Anyone left, furthermore, who doesn't know that pot is far safer than booze, less addictive, nonviolent, more transportable, easier to light, and generally won't interfere with your ability to crawl across the carpet and lick cookie crumbs from your lover's thighs? And sure, while heavy, daily usage can make you slow and stupid and rather useless to the world, well, so can a six-pack of Diet Dr. Pepper and six hours of TV every day. Gateway drug? That's on Channel 2, right after "Oprah."
And another thing. Maybe it wouldn't be merely tax 'n' puff. Maybe California, already the pot-growing capital of the nation, could become something more. A hub. A world-class research center. Pot education, study, medicine, import/export, the works. We could ship our crop to various nations in desperate need of chilling the hell out, like Israel. Palestine. Pakistan. Russia. The N-Judah on a Friday afternoon.

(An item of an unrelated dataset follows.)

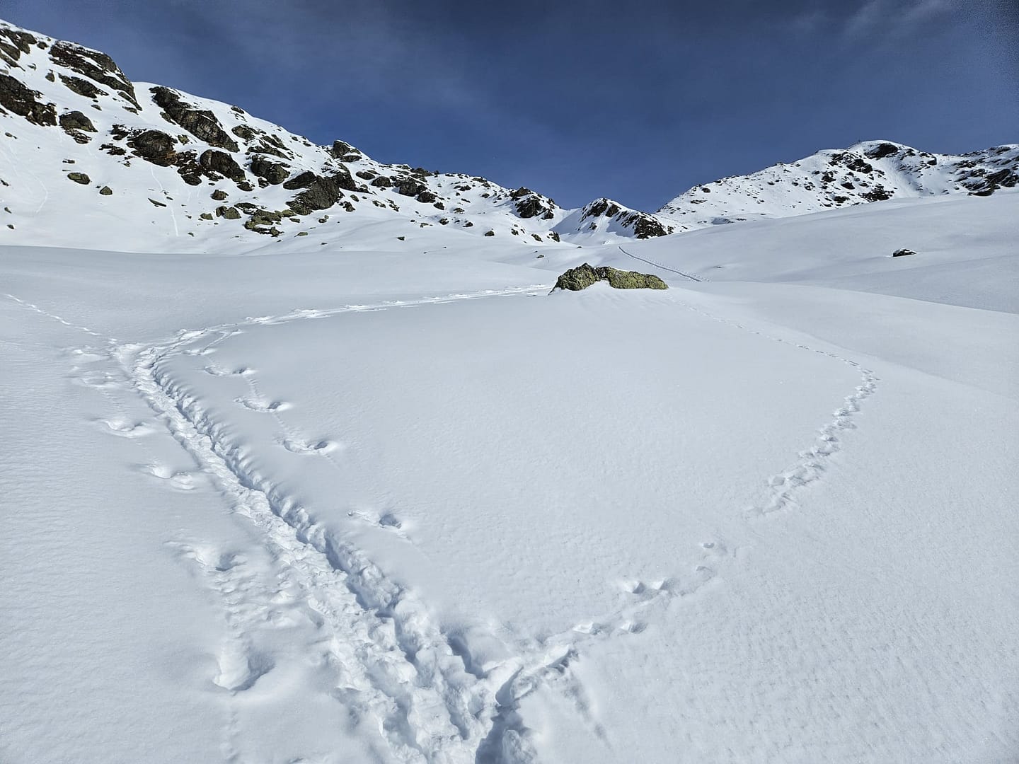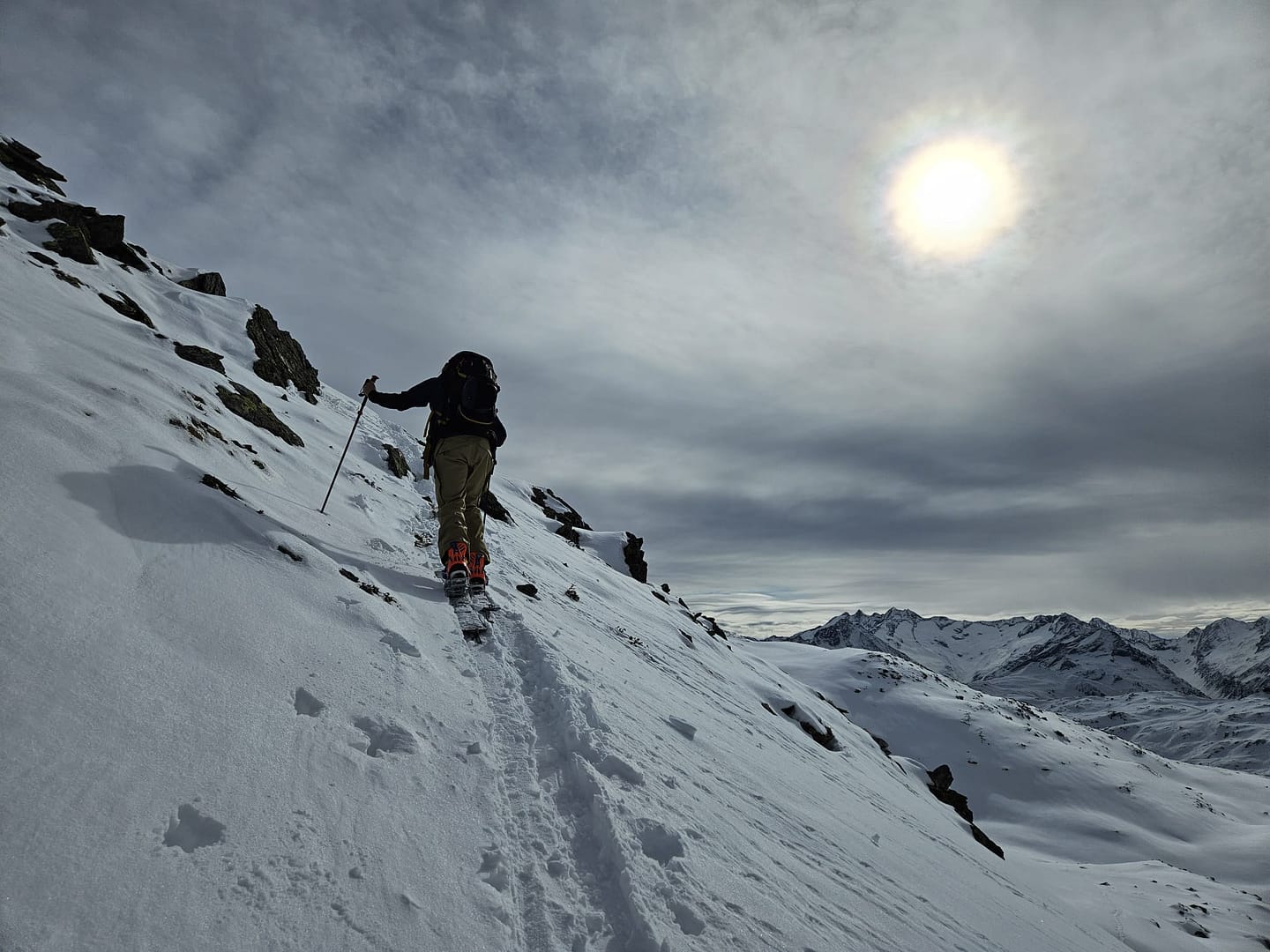 - Skitourenausrüstung: LVS, Sonde, Schaufel, Stöcke, Felle, evtl. Harscheisen

We could become the largest research and manufacturing center in the world. How proud we would be. You know, sort of.
Let's phrase this grand scenario in another way: Why the hell not try it? What have we got to lose? What, we could go more broke? We could get more desperate and anxious? Fact is, economic nightmares need not breed only miserable stories of lost homes and lost jobs and shuttered businesses. They can also spawn creative solutions, innovative thinking, widespread munchies. Now is the time.
Let's not get carried away. Pot's only one little inebriate, one mild and -- let's just admit it -- relatively boring feel-good plant. California is $40 billion in debt and we're running low on water and we can't give away those hideous tract developments out in Stockton. Milking the pot cow for all she's worth might net us, at best, a few billion a year. To get out of this massive hole, we'd have to legalize Ecstasy too. (Someday, honey, someday).
But it's something. It's radical new thinking that's not the slightest bit radical, or new, and in fact the notion is now even more obvious than it's been for the past 30 years. What are we waiting for? A match?